Simpson's Paradox
A hospital has two surgeons. Surgeon A has a better success rate with easy surgeries. Surgeon A also has a better success rate with hard surgeries. So Surgeon A must be the better surgeon, right?
Not necessarily. When you combine the numbers, Surgeon B can have a better overall success rate, even though A is better in every category. This is a real statistical phenomenon called Simpson's Paradox, and it has changed the outcomes of lawsuits, medical studies, and policy decisions.
The Setup
Surgeon A is the hospital's best. She takes the hard cases, the ones other surgeons refer away. Surgeon B plays it safe and mostly takes the routine cases. Here are their actual numbers:
Easy Surgeries
Hard Surgeries
Combined Results
How Is This Possible?
The trick is in the caseloads. Surgeon A did 100 hard surgeries (where even a great surgeon only succeeds 30% of the time) and only 10 easy ones. Surgeon B did 100 easy surgeries (where even a mediocre surgeon succeeds 80% of the time) and only 10 hard ones.

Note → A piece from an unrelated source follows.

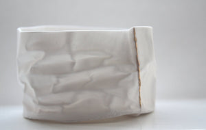 White with gold vessel. Crumpled paper-looking vessel made out of fine bone china with real gold  - Regular price

When you combine the numbers, Surgeon A's overall gets dragged down by her mountain of hard cases. Surgeon B's overall gets propped up by her mountain of easy cases. The combined statistic hides the fact that they were playing completely different games.
The lurking variable, case difficulty, is doing all the work. Remove it, and the data lies to you.
See It With Every Patient
Each dot below is a patient. The lopsided caseloads make the paradox visually obvious. Look at how many more hard cases (low success rate) Surgeon A takes on.
Easy Surgeries
Hard Surgeries
Combined Results
Build Your Own
Drag the sliders to set each surgeon's caseload and success rates. The paradox appears when one surgeon handles far more of the hard cases. Watch the overall winner flip even though the sub-group winners stay the same.
Why This Matters
What makes this unsettling is how natural it is to miss. Aggregated data can tell the opposite story from disaggregated data. It's worth developing the habit of asking: what subgroups might be hidden inside this number, and are they evenly represented?
Real-World Examples
- UC Berkeley admissions (1973): Overall, it looked like the university discriminated against women. But department by department, women were admitted at equal or higher rates. Women simply applied more to competitive departments with low acceptance rates.
- Kidney stone treatments: Treatment A had a higher success rate for small stones AND large stones, but Treatment B had a higher overall rate, because Treatment B was disproportionately used on easy (small stone) cases.
- Baseball batting averages: A player can have a higher batting average than another in every individual season, yet a lower career average overall.
Once you see Simpson's Paradox, you start noticing opportunities for it everywhere. It's a reminder to always ask: what subgroups might be hiding underneath this summary statistic?
The Habit Worth Building
Whenever you're comparing two things using a single combined number (success rates, averages, conversion rates, batting averages, test scores) ask: are the groups being compared actually doing the same thing in the same proportions?
If a new marketing campaign has a higher overall conversion rate, check whether it was just tested on easier audiences. If one school district outperforms another on test scores, check whether they serve the same student demographics. If one doctor has better outcomes, check what kinds of cases they take on.
The transferable insight: a single number summarizing a complex situation is always a weighted average of hidden sub-stories. When the weights are unequal, the summary can point in the opposite direction from every sub-story. The cure is the habit of asking "what's underneath?", not blanket suspicion of all data.